EXERCISE DETAILS> Leaving out the images, please reproduce each line below exactly.

COLLECTED DATA>

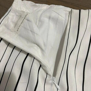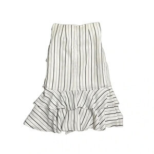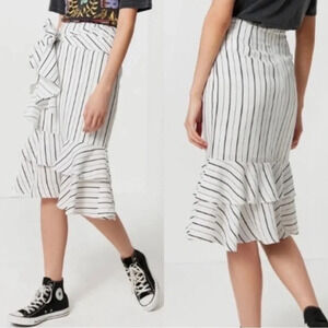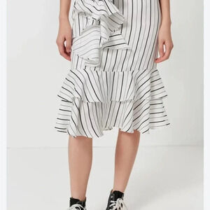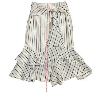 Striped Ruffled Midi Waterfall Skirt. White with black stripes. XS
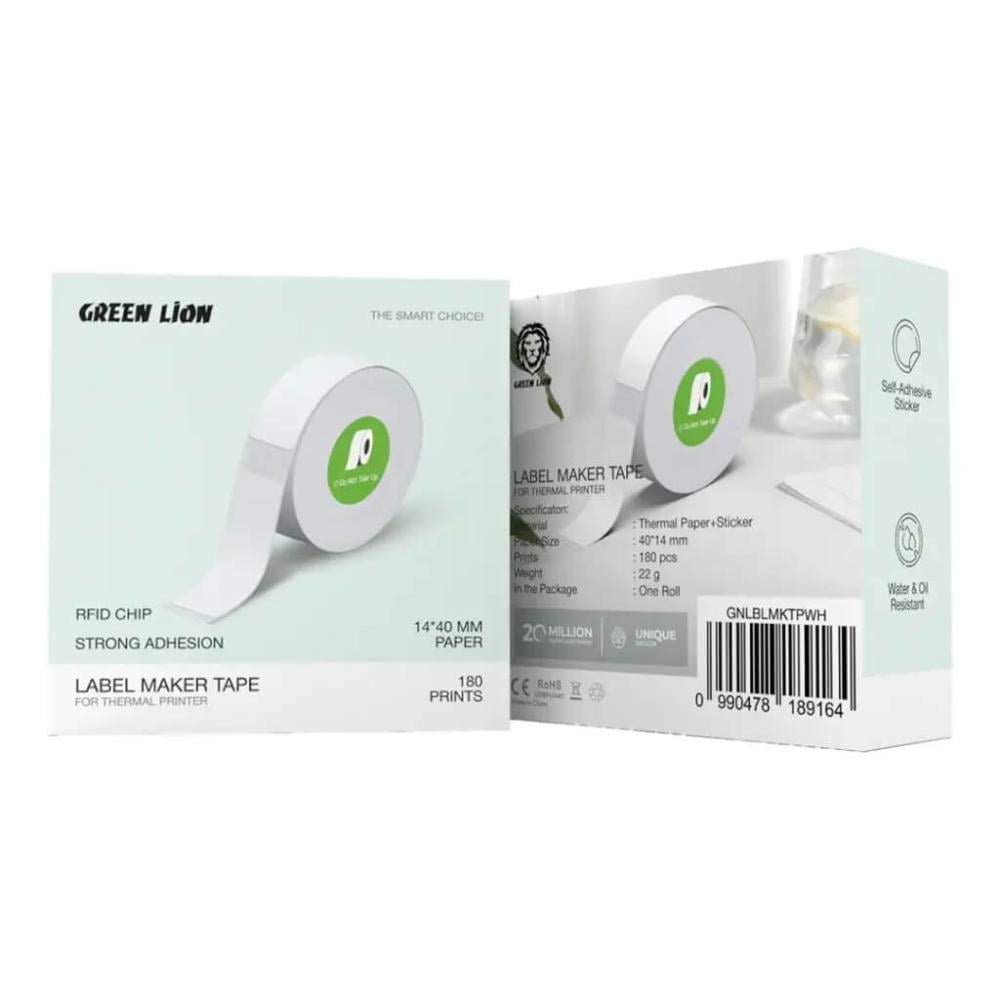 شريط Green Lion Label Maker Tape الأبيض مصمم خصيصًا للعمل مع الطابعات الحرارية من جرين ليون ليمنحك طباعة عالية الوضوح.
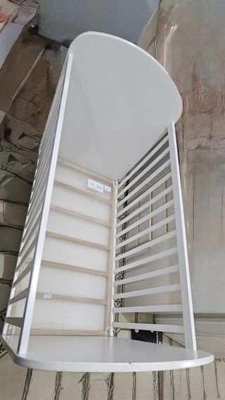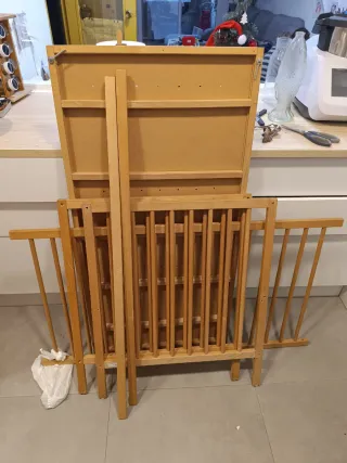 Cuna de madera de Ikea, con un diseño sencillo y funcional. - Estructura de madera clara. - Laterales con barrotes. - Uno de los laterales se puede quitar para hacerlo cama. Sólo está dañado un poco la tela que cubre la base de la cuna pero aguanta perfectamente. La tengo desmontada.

YOUR RESPONSE>
 Striped Ruffled Midi Waterfall Skirt. White with black stripes. XS
 شريط Green Lion Label Maker Tape الأبيض مصمم خصيصًا للعمل مع الطابعات الحرارية من جرين ليون ليمنحك طباعة عالية الوضوح.
 Cuna de madera de Ikea, con un diseño sencillo y funcional. - Estructura de madera clara. - Laterales con barrotes. - Uno de los laterales se puede quitar para hacerlo cama. Sólo está dañado un poco la tela que cubre la base de la cuna pero aguanta perfectamente. La tengo desmontada.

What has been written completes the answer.